Die letzten Zeugen - Das Buc

Walter Fantl-Brumlik wurde 1924 in Loosdorf geboren. 1942 wurde die Familie ins KZ Theresienstadt deportiert. Walter und sein Vater kamen nach Auschwitz, der Vater wurde sofort ermordet. Heute lebt Walter in Wien und hat mit Karin Berger gesprochen.

Walter war 14, als er auf ein Lastauto verladen wurde

Durch das Projekt "A Letter To The Stars" durfte ich einen Menschen kennen lernen, den ich sehr, sehr schätze und bewundere! Dieser Mann beweist mir jedes Mal, wenn ich ihn sehe, dass es immer einen Weg gibt. Sein Name ist Walter Fantl-Brumlik.

Walter wurde in Loosdorf am 6. März 1924 geboren und lebte bis 1938 als glücklicher Sohn von Hilda und Arthur Fantl-Brumlik in Bischofstetten.

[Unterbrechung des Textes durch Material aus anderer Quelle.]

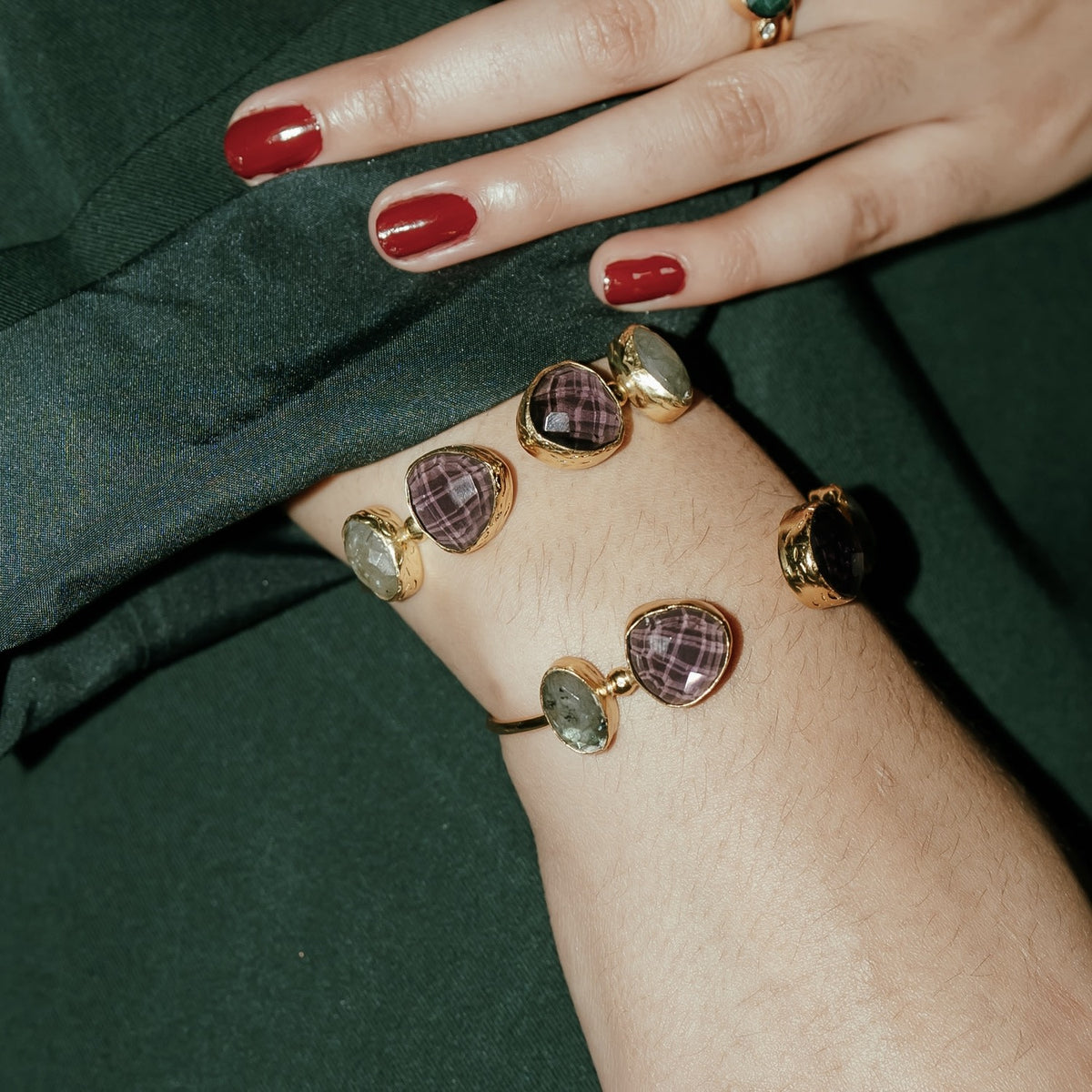 This Seyyal Cuffs by Rōz is a rich and elegant accessory that gives off luxury vibes. The two-toned, four-stoned cuff features labradorite and amethyst gemstones. This adjustable cuff is made from 21k gold-plated brass with a lacquer coating for protection. Its design is perfect for making a bold statement.

Die Familie führte dort ein Geschäft.

Ich habe letztes Jahr die Lebensgeschichte seiner Schwester Gertrude recherchiert, die im Oktober 1942 in das KZ Theresienstadt deportiert wurde. Danach musste sie im Lager Kursbach in Schlesien schwere Erdarbeiten verrichten. Beim Vorrücken der Roten Armee wurde sie gezwungen, nach Groß Rosen und später nach Bergen Belsen zu marschieren.

Ihre Spuren verlieren sich im Oktober 1944. Es gibt keine weiteren Nachrichten über sie.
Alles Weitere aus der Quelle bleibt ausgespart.